Councils are “disappointed” that family court fees will not be scrapped until 2011, despite an independent report recommending abolition next month.
The review was carried out by Francis Plowden – after recommendations by Lord Laming – to determine whether fees of up to £4,825 were deterring councils from starting care proceedings for vulnerable children.
Pledging to abolish the fees by 2011, justice secretary Jack Straw told parliament that, although the review had concluded that children were “unlikely to have been knowingly left at risk,” Plowden believed “at the margins, resource issues, including fees, can play a part in determining when care proceedings are initiated”.
Plowden “therefore recommends that these fees should be abolished”, Straw said.
Kim Bromley-Derry, president of the Association of Directors of Children’s Services, said the news was “fantastic” for children’s services departments “struggling with shrinking budgets”. But he was disappointed that Plowden’s recommendation to abolish the fees next month had not been accepted, “given the current cost pressures on local authorities”.
He added: “The number of care proceedings required in any year is unpredictable when budgets are set and it is the uncertainty of how much money would be required that poses difficulties when planning for the year ahead.
“Rises in referrals and subsequent care proceedings have left authorities struggling to meet the costs of court fees, particularly as the grant that was meant to cover them was based on average numbers of proceedings prior to the recession and to the case of baby Peter and therefore did not take recent increases into account.”

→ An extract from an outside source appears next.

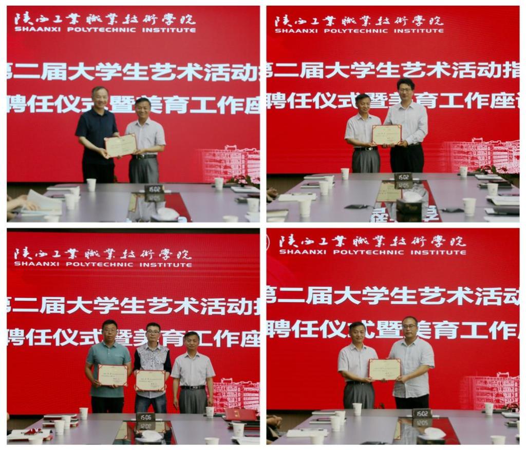 在美育部办公室主任毛建芳同志宣读《关于聘任陕西工业职业技术学院第二届大学生艺术活动指导团成员的通知》后,党委副书记贺天柱同志为大学生艺术活动指导团成员颁发聘书并讲话。贺天柱同志对上一届艺术活动指导团的工作给予了充分肯定,表示我校目前在美育工作上所取得的成绩,是集体智慧的结晶,也是各部门共同努力的结果。同时,也对艺术活动指导团今后的工作作出明确要求。艺术活动指导团各位成员要发挥艺术领域特长,走进学生群体,进一步加强我校艺术社团的建设与发展,让广大学生在我校美育工作中都能够受益,真正让学生在艺术实践中感受美、领悟美、热爱美;美育工作不仅要提高学生感知美、欣赏美的能力,更是促进学生健康成长的有效途径,要充分发挥美育和艺术教育在学生人格养成和心灵塑造上的作用,利用艺术社团活动来加强学生的心理健康教育,使其在艺术的滋养下健康成长;艺术活动指导团成员来源学校多个部门,指导团的成立是我校“三全育人”的重要举措,各位老师要在为学生艺术指导工作中,切实发挥育人作用,助力学生成长成才。
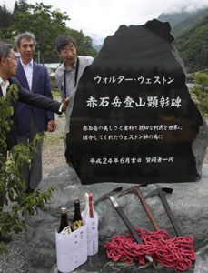 写真はウェストン氏と大鹿村の縁を伝えようと建てられた顕彰碑です。2012/6/8に南ア大鹿登山口にウェストン碑の除幕式がおこなわ れると書いた(こちらの日記)が除幕式の写真が掲載されていた。 ウェストン氏は1982(明治25)年8月に大鹿村から南アルプス赤石岳を登頂したが登山の際に訪れた宿の丁寧なもてなしに感動して著 書の中で「日本の最深部で真の紳士を見た」と同村を紹介したのだそうだ。村とウェストン氏との縁を将来に伝えようと大河原地区の 新小渋橋の側に、小渋川で採ったかんらん岩と緑色岩で高さ約107mの顕彰碑を建立し「赤石岳の美しさと素朴で親切な住民を世界に紹 介してくれたウェストン師の為に」の文が刻まれている。ウェストン碑は大鹿村で6箇所目のようですね。

In May 2008, to widespread criticism from councils, family court lawyers and judges, the fees for care and supervision proceedings by councils rose from £150 to a maximum £4,825. The Ministry of Justice distributed £40m to the Department for Communities and Local Government and the Welsh Assembly to alleviate the effects on local authority budgets.
Plowden said the introduction of the Public Law Outline in April 2008 rather than the rise in fees was more likely to have caused the fall in care applications in spring and autumn of that year “as local authorities familiarised themselves with the new court procedures and carried out the work required”.